Your task is to print, exactly and only, the lines from the start of the entries below through the line with "ガンプラは「可動・荷重・位置". Include both ends, but skip the pictures.
* * * * * * * * *
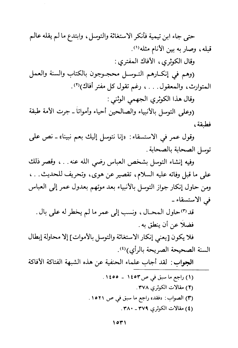 (وهم في إنكارهم التوسل محجوجون بالكتاب والسنة والعمل المتوارث، والمعقول ... ، رغم تقول كل مفتر أفاك) .
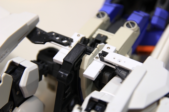 ガンプラは「可動・荷重・位置決め」を一つのギミックにまとめた設計が多いが、それだと強度も精度も耐久性も出ない。本来の機械設計ではその3つの機能は別々の部位で担当させるほう良い。そういう改造を行っています。
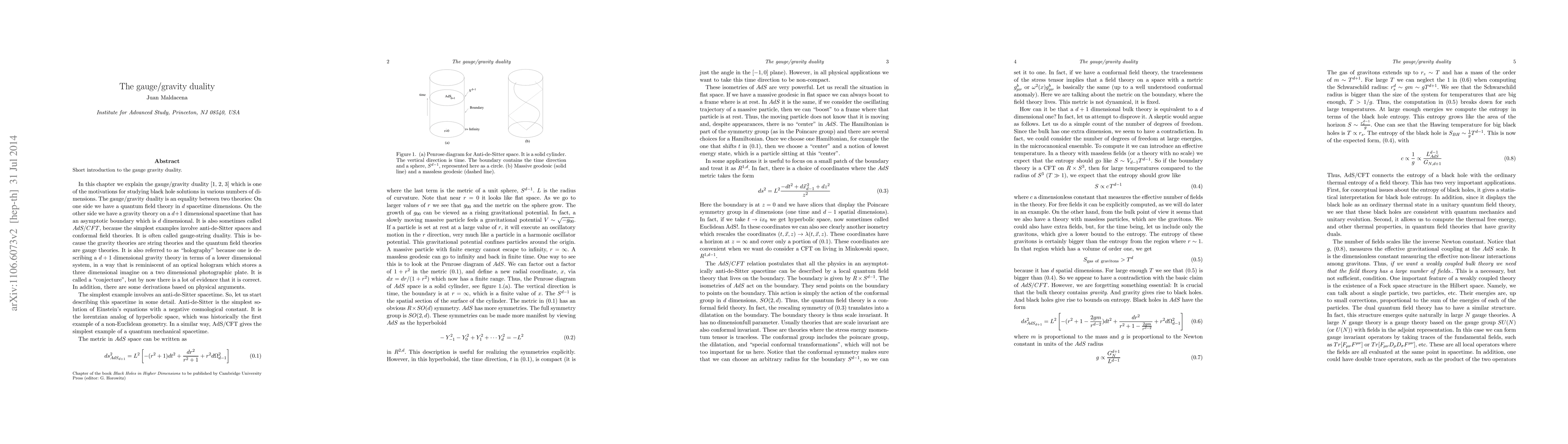 The gauge/gravity duality, also known as the AdS/CFT correspondence, establishes a profound connection between certain types of quantum field theories (QFTs) and theories of general relativity in higher-dimensional spaces, revolutionizing our understanding of quantum gravity and strongly coupled systems. This duality provides a powerful tool for studying complex quantum systems through classical gravitational analogs.
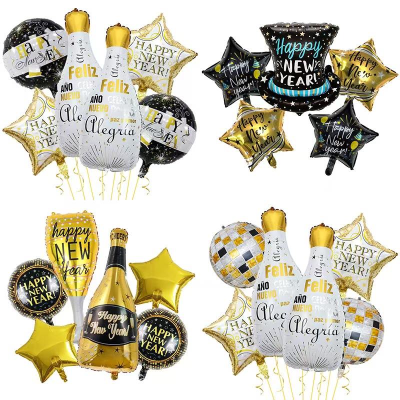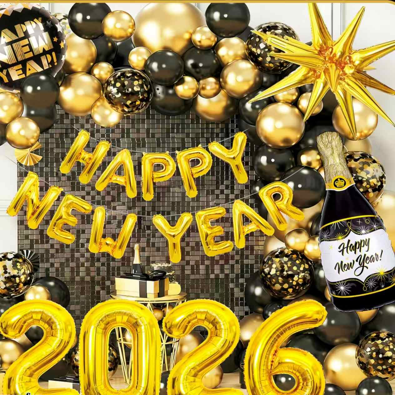 نئے سال تیمادار سیٹ کے بارے میں سوچئے۔ اس میں ورق غبارے ہیں جو شیمپین کی بوتلوں کی طرح نظر آتے ہیں۔ اس میں "2026" نمبر گببارے ، اسٹار آرائشی گببارے اور بہت کچھ بھی شامل ہے۔ مرکزی رنگ سیاہ سونے یا سونے کی سفید ہیں۔ یہ نئے سال کے تہوار کی خوشی سے بھرا ہوا ہے۔ یہ آسانی سے ایک پرتعیش اور رسمی طور پر نئے سال کی پارٹی کا منظر بنا سکتا ہے۔
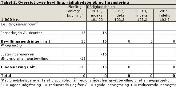 | at | merforbruget på 16.000 kr. for "jordarbejde Akutcenter - Kvalitetsfondsprojektet i Viborg" finansieres af projektets justeringsreserve jf. tabel 2. |
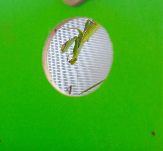 There was my BFF at my door with a praying Mantis in a bug box!!!!
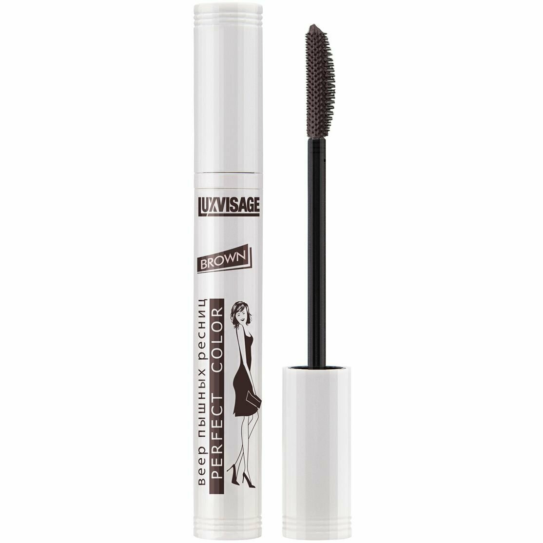 LUXVISAGE Тушь для ресниц PERFECT COLOR веер пышных ресниц коричневая, 9 мл
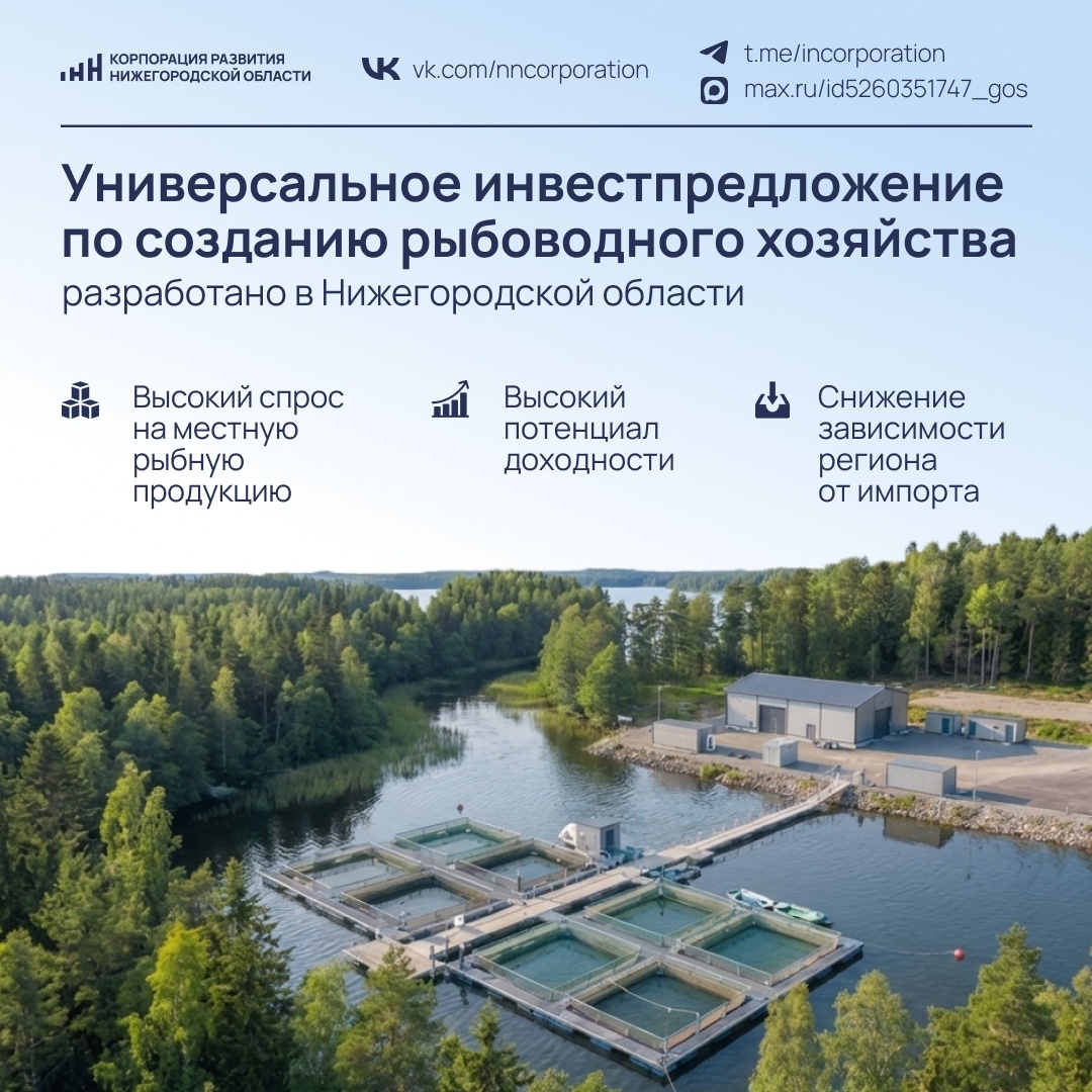 Проект предполагает создание хозяйства с целью круглогодичного выращивания рыбы и возможностью предоставления услуг платной рыбалки. Минимальный объем инвестиций в создание такого объекта составляет 16,7 млн рублей, срок реализации – от 23 месяцев. «Разведение рыбы – одна из самых актуальных инвестиционных ниш региона. Помимо реализации продукции, инвестпредложение предполагает и предоставление услуг платной рыбалки, которая также набирает популярность. Желающие реализовать такой проект могут обратиться в Корпорацию развития, наши специалисты проконсультируют по всем возникающим вопросам и сопроводят проект вплоть до ввода предприятия в эксплуатацию», – сказал генеральный директор Корпорации развития Нижегородской области Игорь Ищенко. Ознакомиться подробнее с инвестпредложением можно на инвестпортале.
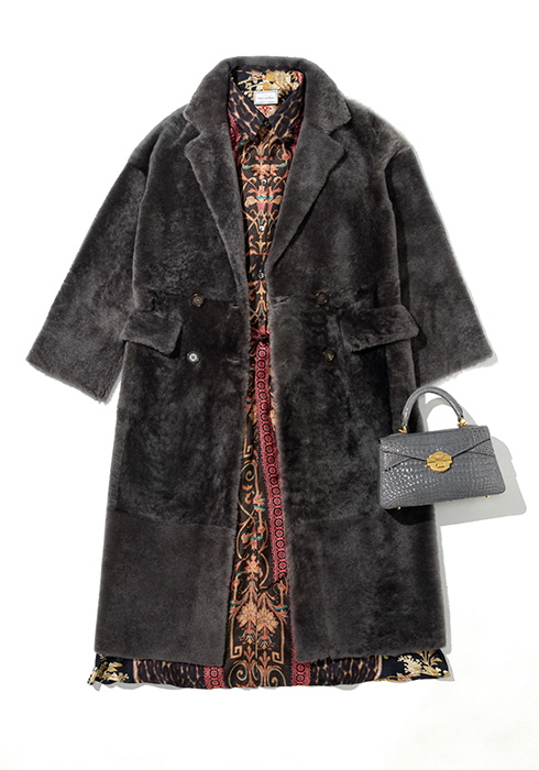 세련된 그레이 컬러와 롱 & 린 실루엣이 돋보이는 리버서블 스타일의 시어링 코트 펄링 바이 지아니 피렌체 by 폼 스튜디오. 컬러풀한 패턴을 다채롭게 믹스 매치해 포인트 아이템으로 제격인 실크 셔츠 드레스 피에르 루이스 마샤 by 폼 스튜디오. 골드 메탈 클로저로 고급스러움을 배가한 최상급 악어가죽 소재 원 핸들 토트백 바바로사 by 폼 스튜디오.
* * * * * * * * *
▶ **Answer below**:
 (وهم في إنكارهم التوسل محجوجون بالكتاب والسنة والعمل المتوارث، والمعقول ... ، رغم تقول كل مفتر أفاك) .
 ガンプラは「可動・荷重・位置決め」を一つのギミックにまとめた設計が多いが、それだと強度も精度も耐久性も出ない。本来の機械設計ではその3つの機能は別々の部位で担当させるほう良い。そういう改造を行っています。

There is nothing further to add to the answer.